Charlotte Markey, author of “The Body Image Book for Girls,” notes that it is nearly impossible to address every negative comment heard in the background of cookie sale booths. “Some of this is so commonplace that if we take every single comment seriously, we spend too much energy on it,” Markey said.
However, there are steps parents, educators and Girl Scout troop leaders can take to mitigate some of this negative messaging so that girls don’t internalize it.
Keep body talk positive
“The best thing that troop leaders and parents can do for their kids is to model their own healthy body image,” said Dr. Cheri Levinson, associate professor in the department of psychological and brain sciences at the University of Louisville and director of the university’s Eating Anxiety Treatment Lab. “It’s also important to talk about all of the good things that bodies do for us — like letting us hug people, dance or pet our pets.”

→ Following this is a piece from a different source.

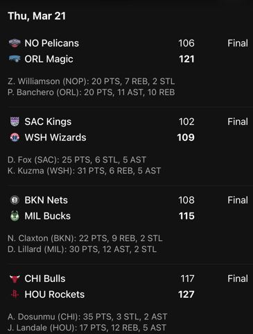 Op 22 maart 2024 boekten de Houston Rockets hun zevende overwinning op rij door met 127-117 te winnen van de Chicago Bulls. Jalen Green schitterde met 26 punten, terwijl Dillon Brooks 23 punten bijdroeg. Vanaf de bank zorgden Jock Landale (17 punten, 12 rebounds), Aaron Holiday (15 punten) en Jeff Green (14 punten, 7 rebounds) voor belangrijke bijdragen.

Practicing gratitude as it relates to our bodies is a powerful way to reframe thinking away from unrealistic expectations or negative thoughts about our bodies and toward being mindful of the many ways our bodies carry us through our days.
Kids are always listening.
“One of the most important things is not to talk negatively about your body or food in front of kids,” Levinson said. When we talk kindly to ourselves, she noted, they learn to do the same.
Avoid labeling food
Balanced eating includes having treats at times and taking the time to enjoy the foods we consume. When adults label foods or eating choices as “good” or “bad” and “healthy” or “unhealthy,” kids get the message some foods are either off-limits or harmful. This can create feelings of shame around eating, particularly when sweets are restricted to these categories.
“One thing troop leaders can do is talk about the joy around food by sharing their favorite combinations of cookies,” Hanson said. “This tips the scales in the direction of creating a balanced relationship with food.”
Talk about it
It might be tempting to ignore the commentary and simply move on, but if girls are hearing diet culture talk, they need to talk about it with a trusted adult.
“I recommend having an open line of communication about these topics. Talking to children about the media they consume or comments they hear from others related to body image can be helpful in giving them a space to process the information they’re receiving,” Cifra said.
One way to do this is to debrief the girls after the shift ends. A troop leader can say, “We heard a few jokes and comments about diets and not eating cookies. I wonder how you felt when you heard those things?” This opens the door to a discussion about negative body comments and how girls can reframe their thinking.
Empower girls to speak up
There might be times when an adult has to step in and gently redirect another adult who is making uncomfortable comments, but girls can also take the opportunity to use their voices to stand up to diet talk.
Assertiveness is an essential leadership skill, and countering unwanted commentary with positive messaging is one way to help girls sharpen their skills. Plan ahead to come up with some talking points to use if they encounter any negative messaging. Phrases like “We love our cookies and they only come around once a year!” or “Gift a box to our troops — we know they love our cookies!” change the tone from negative to hopeful while empowering the girls to speak up for a cause they believe in.
Cookie season does only come around once a year, and the dollars earned from these sales go directly back to the local and regional troops to fund activities for the girls throughout the year. Whether you donate the cookies to someone else or pick up a box of favorites to enjoy yourself, your purchase empowers up-and-coming leaders. So go ahead and grab those Thin Mints while you still can.